I really like the purolater oil filters.


----------



## greekspec2 (Apr 16, 2009)

All petrol European VAG cars use the 504.00 spec which is 5W-30 G-052-195-1L Castrol SLX Professional LL03 "aka Castrol Edge Europen Spec" hense why it's made in the EU and comes in litres!
VAG cars in Europe dont use the common NA 502.00 spec because majority of the VAG run on LongLife intervals.My motor BDE 24V was factory filled with 0W-30 503.00 spec 2nd generation which has supreceed to the 504.00


http://www.castrol.com/castrol/iframe.do?categoryId=9033468&contentId=7061486

15000km intervals 0W-30 Castrol Edge European "AKA Castrol SLX Professional LL02"G052183M2
30000km intervals 5W-30 Castrol Edge European "AKA Castrol SLX Professional LL03"G0521951L $7.00 a litre


----------



## daxter1987 (Mar 29, 2011)

The manufacturer recomends an oil that meets the specs: VW 502.00. I stay away from Mobil 1 and Castrol because although they are everywhere they are not as good as they euro synthetics. In Europe they are not even legally considered synthetics.
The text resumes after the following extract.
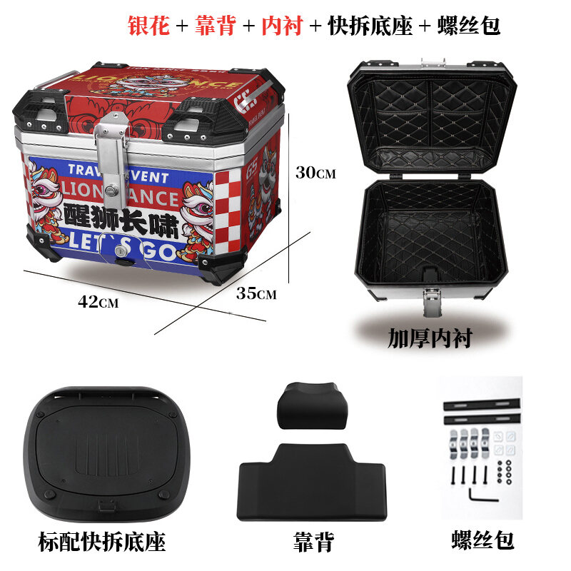 ABS Tail Box 45l Large Capacity Motorcycle Scooter Electric Vehicle Toolbox Quick Release Large Non-Aluminum Alloy Tail Box

Over here they are because legally a group three based oil is a synthetic...

I recomend Motul 8100 5W40 X-cess.

You can change this oil every 7500 miles with no problem! I like to change it every 5000 because is easy to remember (at 15000, then at 20000, etc). When i take the oil out it still looks kinda new, when I take it a 7500 miles from a customer car it looks good, just a lil tarnished. When I drain mobil1 it looks black and the engine is missing a quart... 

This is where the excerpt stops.